Hoy cuesta despertar de la pesadilla en la que Berta falta. Fue asesinada en la madrugada del jueves y a esta altura las autoridades del gobierno hondureño, un Estado devastado por la corrupción y la criminalidad, han emprendido acciones para ocultar el homicidio, aduciendo los hechos a un robo o a un “crimen pasional”.
En los últimos años diversas organizaciones sociales y organismos internacionales han dado cuenta de los altos niveles de violencia persistentes en Honduras y de la impunidad estructural imperante que se intensificó tras el golpe de Estado ocurrido en 2009. A finales del año pasado la Comisión Interamericana de Derechos Humanos (CIDH) emitía un informe tajante en el que daba cuenta de la “represión y persecución política de la que son víctimas las defensoras y los defensores de derechos humanos en Honduras, en particular […] las comunidades y pueblos indígenas en relación con la defensa de su territorio”.
Al igual que en otros países de la región, la ofensiva extractivista en Honduras ha estado acompañada por la determinación violenta y expansiva de empresas transnacionales y su sistemática negativa a respetar los procesos de participación y consulta. La situación de las comunidades afectadas pone en evidencia la continuidad de los patrones de discriminación y abuso que han caracterizado los ciclos de despojo en América Latina.

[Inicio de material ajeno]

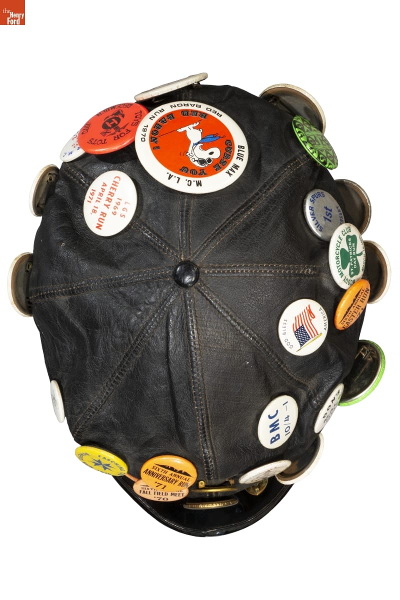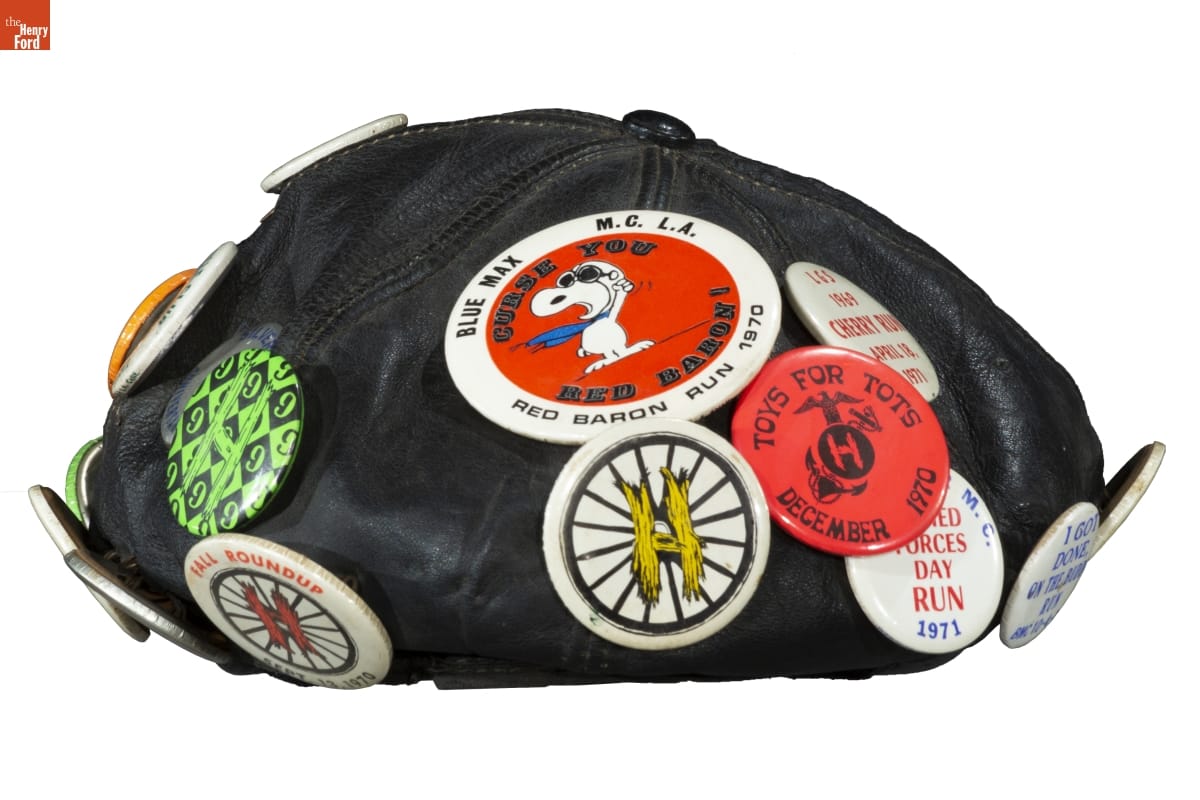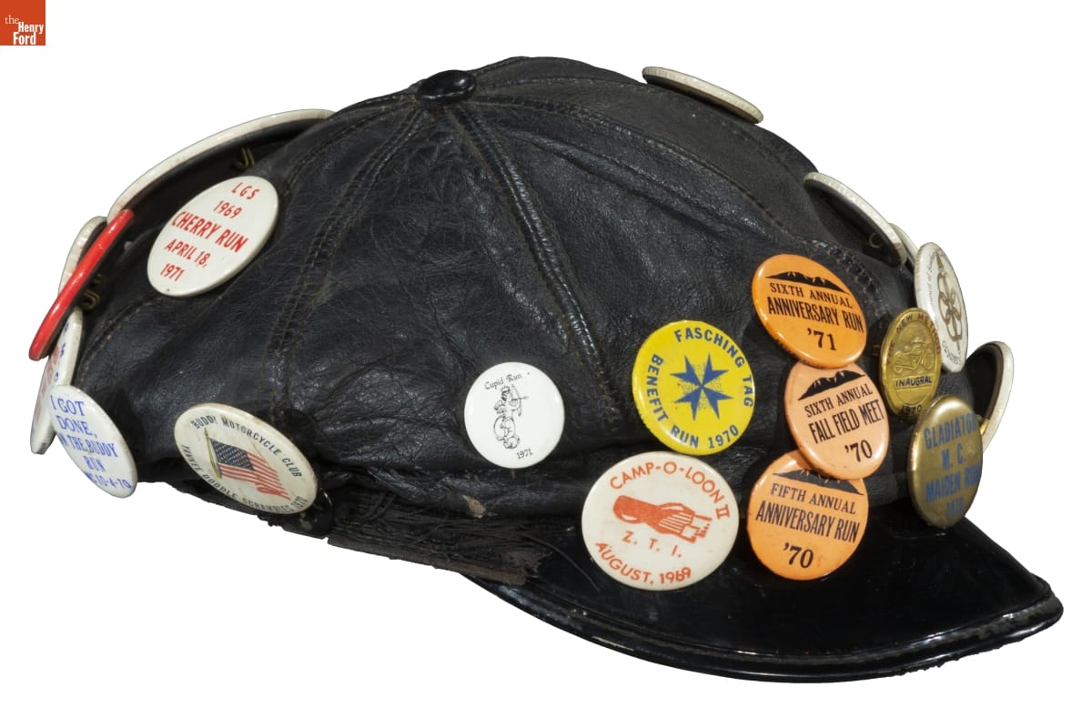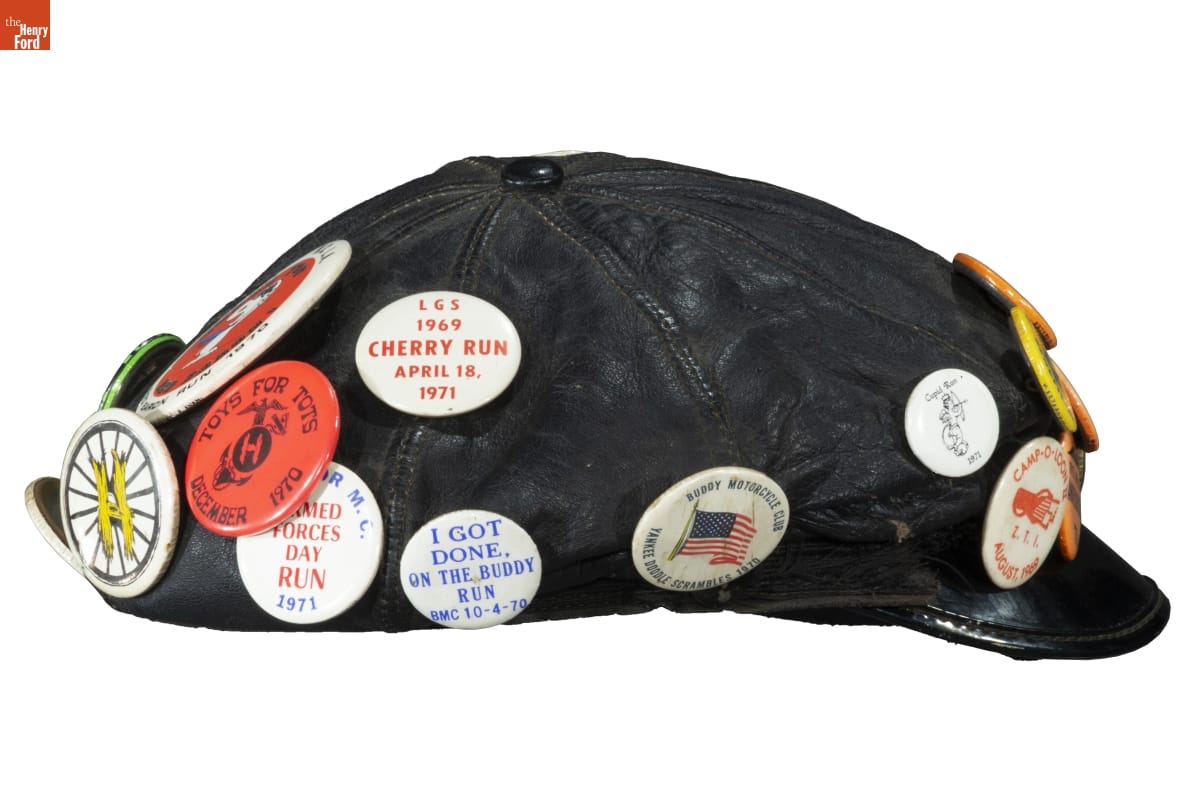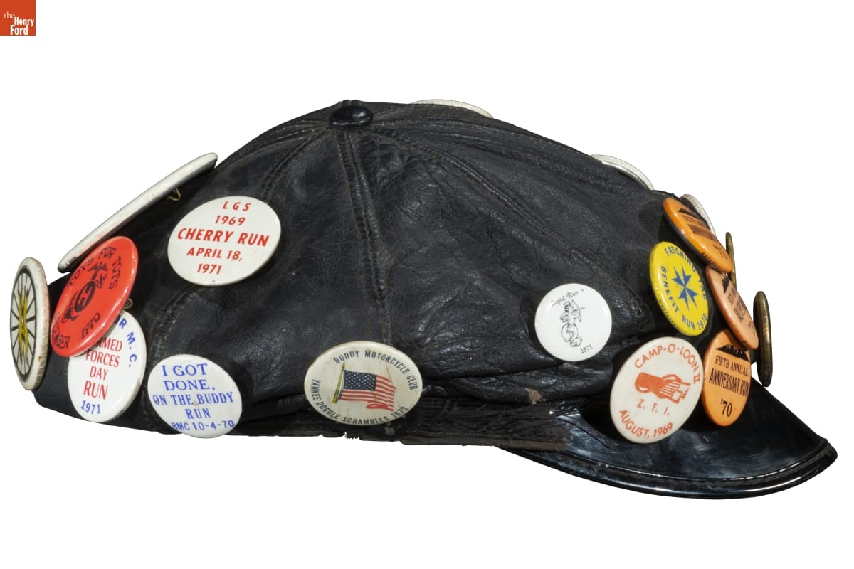 Motorcycle Cap with Buttons Commemorating LGBTQ+ Events and Places, 1969-1971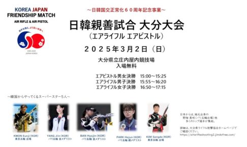 イベント内容日韓国交正常化60周年記念事業としてライフル射撃日韓親善試合大分大会が由布市(大分県立庄内屋内競技場)で下記のとおり開催されます。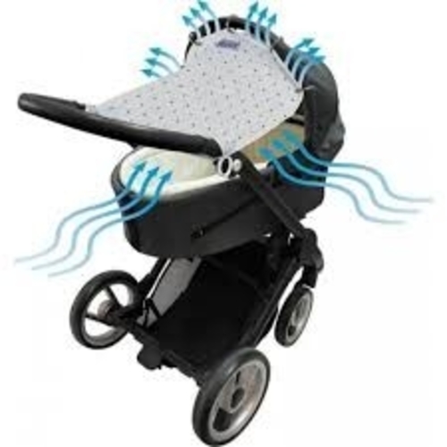 De dooky die ik zag knoop je vast aan de stang. Er hangt dus niks los voor wat de toevoer van frisse lucht blokkeert waardoor de temperatuur op kan lopen. De dooky die ik heb gezien span je ervoor en er kan een de zijkanten gewoon frisse lucht in. Maar de joolz geo heeft ook al een extra zonneklep die je uit kan klappen, wellicht is dat al voldoende.
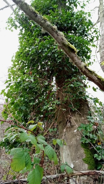 Now visitors to Oscar no longer have to look at the tall trees in the park covered with ivy, and the holly will slowly die from the girdling of their bark.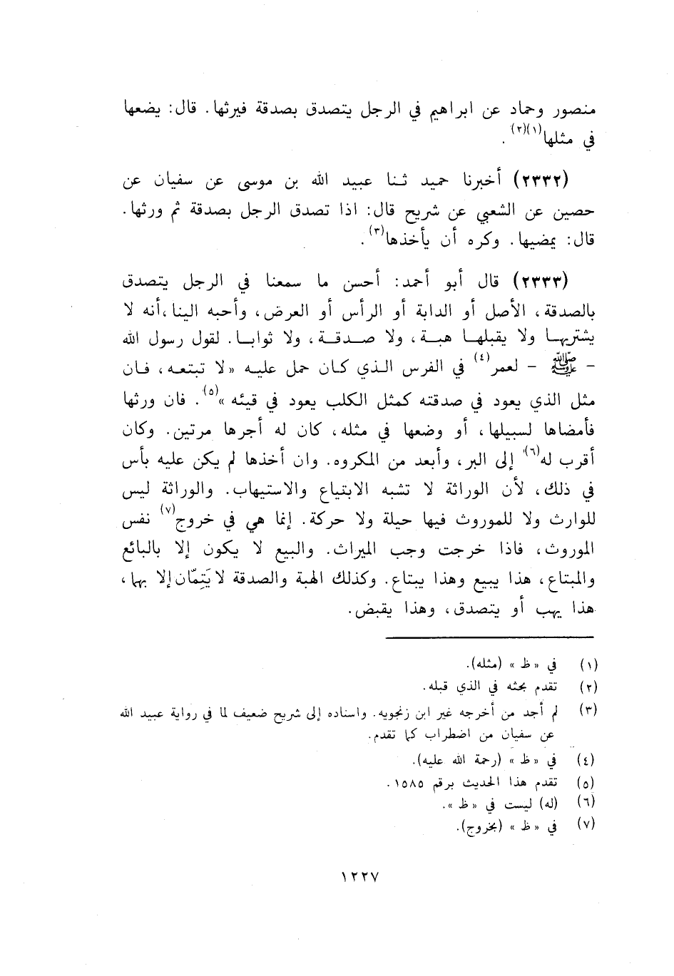 2333 - قَالَ أَبُو أَحْمَدَ: أَحْسَنُ مَا سَمِعْنَا فِي الرَّجُلِ، يَتَصَدَّقُ بِالصَّدَقَةِ الْأَصْلِ أَوِ الدَّابَّةِ أَوِ الرَّأْسِ أَوِ الْعَرْضِ، وَأَحَبُّهُ إِلَيْنَا، أَنَّهُ لَا يَشْتَرِيهَا وَلَا يَقْبَلُهَا هِبَةً، وَلَا صَدَقَةَ، وَلَا ثَوَابًا، لِقَوْلِ رَسُولِ اللَّهِ صَلَّى اللهُ عَلَيْهِ وَسَلَّمَ لِعُمَرَ فِي الْفَرَسِ الَّذِي كَانَ حَمَلَ عَلَيْهِ: «لَا تَبْتَعْهُ، فَإِنَّ مَثَلَ الَّذِي يَعُودُ فِي صَدَقَتِهِ كَمَثَلِ الْكَلْبِ يَعُودُ فِي قَيْئِهِ» ، فَإِنْ وَرِثَهَا فَأَمْضَاهَا لِسَبِيلِهَا أَوْ وَضَعَهَا فِي مِثْلِهِ، كَانَ لَهُ أَجْرُهَا مَرَّتَيْنِ، وَكَانَ أَقْرَبَ لَهُ إِلَى الْبِرِّ، وَأَبْعَدَ مِنَ الْمَكْرُوهِ، وَإِنْ أَخَذَهَا لَمْ يَكُنْ عَلَيْهِ بَأْسٌ فِي ذَلِكَ، لِأَنَّ الْوِرَاثَةَ لَا تُشْبِهُ الِابْتِيَاعَ وَالِاسْتِيهَابَ وَالْوِرَاثَةُ لَيْسَ لِلْوَارِثِ وَلَا لِلْمَوْرُوثِ فِيهَا حِيلَةٌ وَلَا حَرَكَةٌ، إِنَّمَا هِيَ فِي خُرُوجِ نَفْسِ الْمَوْرُوثِ، فَإِذَا خَرَجَتْ وَجَبَ الْمِيرَاثُ، وَالْبَيْعُ لَا يَكُونُ إِلَّا بِالْبَائِعِ وَالْمُبْتَاعِ، هَذَا يَبِيعُ وَهَذَا يَبْتَاعُ، وَكَذَلِكَ الْهِبَةُ وَالصَّدَقَةُ لَا يَتِمَّانِ إِلَّا بِهِمَا، هَذَا يَهَبُ أَوْ يَتَصَدَّقُ وَهَذَا يَقْبِضُ -[1228]- وَقَدْ فَرَّقَ النَّبِيُّ صَلَّى اللهُ عَلَيْهِ وَسَلَّمَ بَيْنَ الْوِرَاثَةِ وَالِابْتِيَاعِ، فَقَالَ فِي الِابْتِيَاعِ: «لَا تَبْتَعْهُ» ، وَقَالَ فِي الْوِرَاثَةِ: «آجَرَكَ اللَّهُ، وَرَدَّ عَلَيْكَ الْمِيرَاثَ»

De nada sirvieron las medidas cautelares otorgadas a Berta Cáceres por la CIDH el 29 de junio de 2009, en el marco de diversas acciones emprendidas por dicho organismo ante la grave situación de derechos humanos que atravesaba el país. En esa coyuntura política se intensificaron las concesiones sobre los recursos hídricos y se derogaron todos los decretos que prohibían proyectos hidroeléctricos en áreas protegidas, y que habilitaron la implementación de la hidroeléctrica Agua Zarca, proyecto al que se opuso Berta hasta el final de sus días.
El mecanismo de protección fracasó, la protección jurídica no logró materializarse. No es difícil crucificar a los redentores en los países donde la vida no vale nada. Las medidas cautelares buscaban salvaguardar su vida, pero su implementación dependía del Estado hondureño, comandado por los que hoy son los principales sospechosos de su homicidio.
A pesar de todo, el ámbito internacional sigue siendo el último recurso con el que cuentan las comunidades víctimas de graves violaciones de derechos humanos en nuestro continente.
Movimientos sociales, activistas, organizaciones de todo el mundo, han emprendido acciones para presionar al Estado hondureño y exigir la intervención internacional para el esclarecimiento del brutal asesinato. La integridad de defensores integrantes del Consejo Cívico de Organizaciones Populares e Indígenas de Honduras está en riesgo, y ayer la organización Amigos de la Tierra México emitió un comunicado en el que informaba que el mexicano Gustavo Castro Soto, defensor de los derechos humanos herido durante el asesinato de Berta Cáceres, ha sido sujeto de distintos mecanismos de intimidación por parte de las autoridades hondureñas, que incluso le impidieron tomar un avión para regresar a su país, se teme por su vida.
En cada lugar del mundo donde repetimos tu nombre te evocamos como si lográramos que esa arena movediza que es el tiempo volviera atrás, te evocamos porque la lucha no termina con tu muerte. Berta, Berta, Berta.